Work to be completed: Look through the entries below and copy exactly the part that begins with the line containing "Az az érdekes, hogy" and ends with the line containing "Modrá Vapor metalická". Do not copy the pictures.
*** Materials provided Section Begins ***
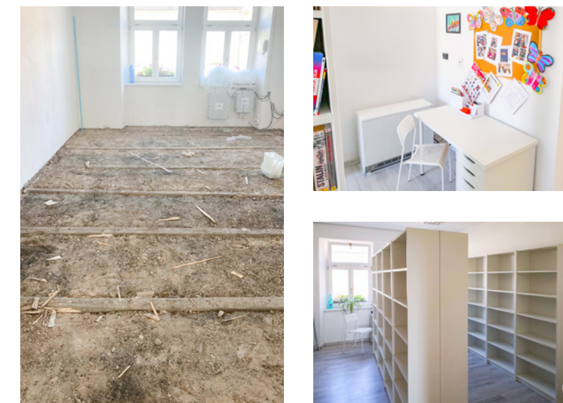
↑ Rekonstrukce proběhla skutečně doslova „od podlahy“

Velice musím poděkovat všem zaměstnancům naší organizace, kteří se zapojili do stěhování, vyklizení a příprav stavebních prací. Ač je totiž dotace na učebny a kabiny velká, je zcela určena na rekonstrukci, ale už ne na vyklizení starého nábytku a učebních pomůcek. Moc si vážím a děkuji všem kolegům, kteří s tím pomáhali. Jsem rád, že jim prostředí není lhostejné a chtějí mít kolem sebe moderní a hezké prostory. Do podobné akce se zapojili zaměstnanci již v měsíci květnu, když v době ředitelského volna natírali plot a zábradlí jak ve škole, tak i v celém areálu.
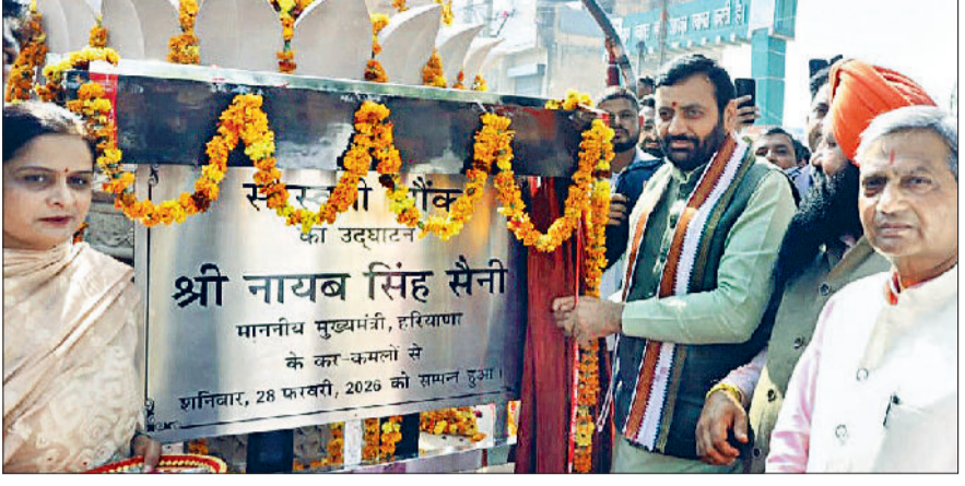
बाबैन में बनाए गए सरस्वती चौक के सौंदर्यीकरण का उद्घाटन करते मुख्यमंत्री नायब सिंह सैनी।

थे। मुख्यमंत्री ने बाबैन में बनाए गए सरस्वती चौक के सौंदर्यीकरण का उद्घाटन किया। बाबैन पहुंचने पर मुख्यमंत्री नायब सिंह सैनी का पुष्प वर्षा कर स्वागत किया गया। इस दौरान मुख्यमंत्री ने बाबैन के नागरिकों की समस्याओं को सुना और उन समस्याओं के समाधान के लिए अधिकारियों को दिशा निर्देश भी दिए। उन्होंने कहा कि सरस्वती चौक को 28 लाख रुपए की लागत से तैयार किया गया है। इस चौक को 12 फीट लंबा, 7 फीट चौड़ा और 11 फीट ऊंचाई के साथ तैयार किया गया है। इस चौक को बनाने में प्रीमियम थोलपुर बेज सैंडस्टोन पत्थर का उपयोग किया गया है।
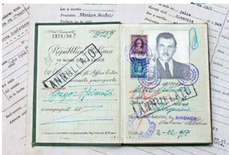
Mengele olasz útlevele

Az az érdekes, hogy ettől rögtön elszégyelli magát az olvasó, mintha máris a náci cinkosa lenne attól, hogy nem szimpatizál a vádat képviselő minden szereplővel. Holott a regény egy pillanatig sem mentegeti
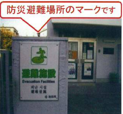
覚えておきましょう!
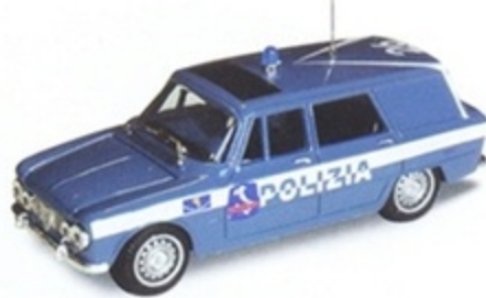
PK 172C - Alfa Romeo Giulia Break Polizia - 1970
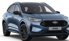
Modrá Vapor metalická
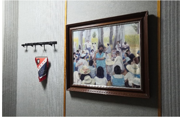
Fig.9. Tableau figurant dans l'ancienne maison de la culture, montrant le maire du village entouré des habitants.

plénières plus régulières. Il y a donc une dichotomie des représentations du village et des rapports de force dans lesquels il est pris. Pour les plus jeunes, le besoin d'un leader voulu par les plus anciens n'est pas légitime, car ils sont habitués à ce système et ne placent pas le village dans une situation de lutte permanente. De plus, si pour les plus âgés il n'est pas possible de « faire lutte » sans leader, les plus jeunes posent la question et mettent en branle l'autonomie politique qui se doit alors de reconsidérer cet état de fait sur lequel ils se sont bâtis.
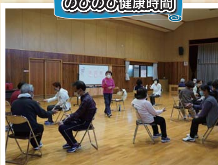
体も心もリフレッシュ!! 5月~3月まで
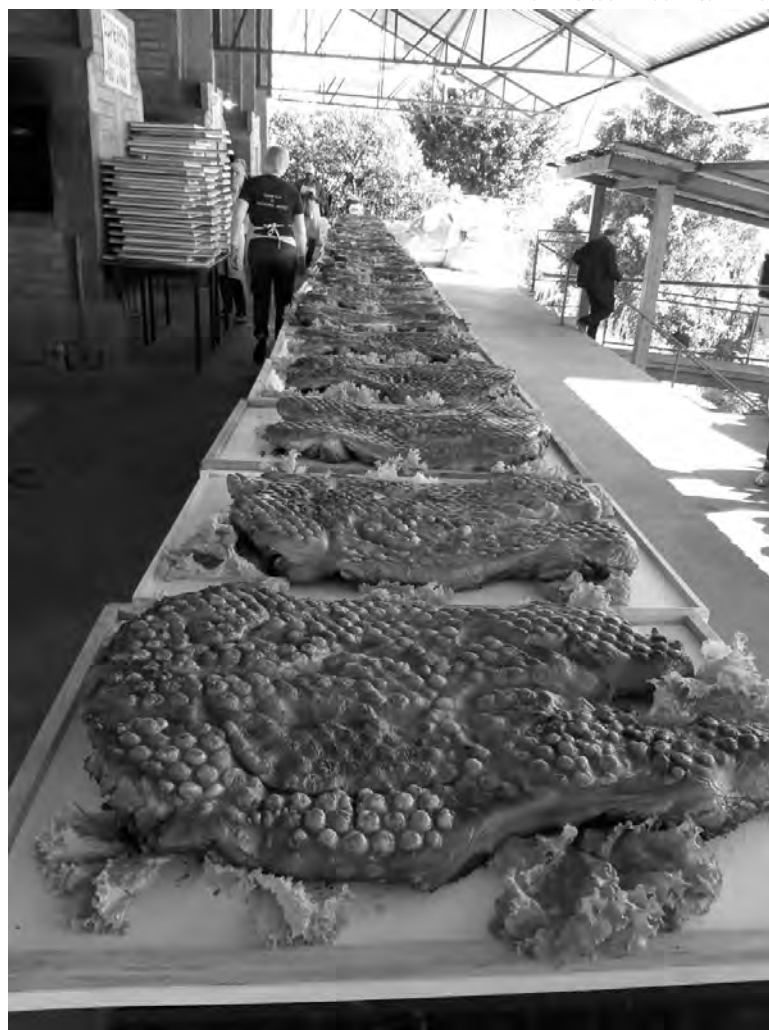
13º Almoço Leitão Light

Há 14 anos, o Evento do Leitão Light promovido pelo Rotary Club de Pato Branco-Amizade ajuda a comunidade local, e também internacional, a implementar projetos de grande alcance humanitário.
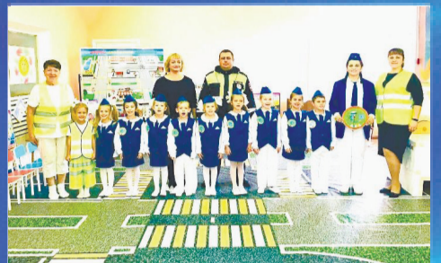
ПРАВОПОРЯДОК Сказочная победа
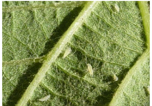
2 ème et 3 ème stades L2 et L3, larve blanc/jaune clair (2:3 mm)
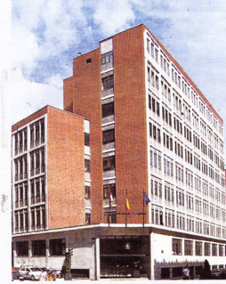
Edificio de sindicatos SEDE DE LA FEDERACIÓN VALLISOLE-TANA DE EMPRESARIOS, UGT Y CC OO ► Arquitecto. Julio González Martín. Situado en la calle Dos de Mayo con Divina Pastora. ► Fecha de construcción. 1959.
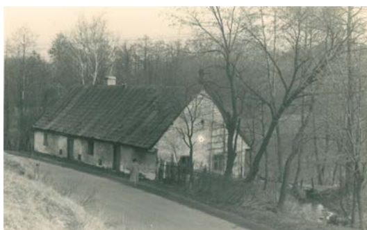
Valcha v 50. letech 20. století
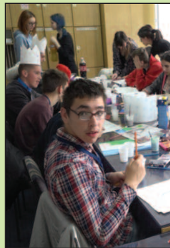
Један од циљева пројекта је

-Захваљујући пројекту „Инклузивна пракса кроз културу и традицију наших градова“ који је подржан од Европске омладинске организације, а под покровитељством Министарства науке, просвете и технолошког развоја, ЕУ и Немачке међународне организације за сарадњу, ШОСО „Иво Лола Рибар“ у прилици је да угости 10 ученика и 2 наставника из Завода да одгој и образовање особа са сметњама у психичком и тјелесном развоју
*** Materials provided Section Ends ***
Task output:
Az az érdekes, hogy ettől rögtön elszégyelli magát az olvasó, mintha máris a náci cinkosa lenne attól, hogy nem szimpatizál a vádat képviselő minden szereplővel. Holott a regény egy pillanatig sem mentegeti
覚えておきましょう!
PK 172C - Alfa Romeo Giulia Break Polizia - 1970
Modrá Vapor metalická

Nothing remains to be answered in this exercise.